Location
- Moora, Wheatbelt region, Western Australia Australia 30°38′27″S 116°00′53″E﻿ / ﻿30.640882°S 116.014681°E

Information
- Type: Public co-educational high day school
- Motto: Encouraging the Best in Everyone
- Established: 1971; 55 years ago
- Educational authority: WA Department of Education
- Principal: Lea Fairfoul-Hutcheon
- Years: 7–12
- Enrolment: 194 (2012)
- Campus type: Regional
- Colours: Navy and white
- Website: www.centralmidlandsshs.wa.edu.au

= Central Midlands Senior High School =

Public school in Western Australia

Central Midlands Senior High School is a comprehensive public co-educational high day school, located on Ranfurly Street in Moora, a regional centre in the Wheatbelt region, 172 km north of Perth, Western Australia.

== Overview ==
The school was established in 1971 and by 2011 had an enrolment of 194 students between Year 8 and Year 12, approximately 20% of whom were Aboriginal.

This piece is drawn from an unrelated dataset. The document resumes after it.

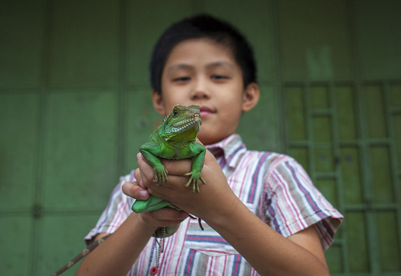 马来西亚槟城:小男孩和他的宠物——亮绿色的蜥蜴。

The school is part of an education precinct along with St James Residential College that provides 60 places for students to board while attending high school.

In 2005 it was announced the school was to have a new library and telecentre added to the campus. Construction on the $1.4 million shared school-community facility was to commence in 2006 and be completed in 2007.

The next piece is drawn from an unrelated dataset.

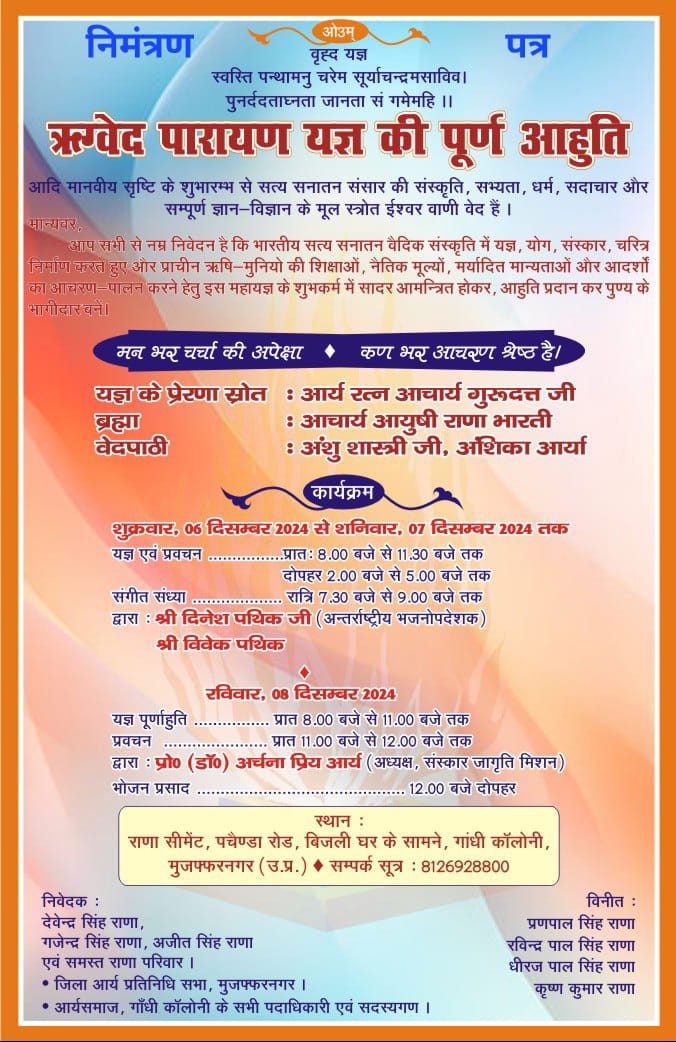 आप सभी से नम्र निवेदन है कि भारतीय सत्य सनातन वैदिक संस्कृति में यज्ञ, योग, संस्कार, चरित्र निमर्माण करत हुए और प्राचीन ऋषि-मुनियो की शिक्षाओं, नैतिक मूल्यों, मर्यादित मान्यताओं और आदर्शों का आचरण-पालन करने हेतु इस महायज्ञ के शुभकर्म में सादर आमन्त्रित होकर, आहुति प्रदान कर पुण्य के भागीदार बनें।

The principal at the school was Audrey Smith up until 2010 when Lea Fairfoul-Hutcheon took over the position.

Enrolments at the school have been reasonably steady with 188 students in 2007, 203 in 2008, 208 in 2009, 174 in 2010, 172 in 2011 and 194 in 2012.

The school was broken into over the first term holidays in 2012, the intruders gaining access through the gymnasium and then ransacked the teacher's offices.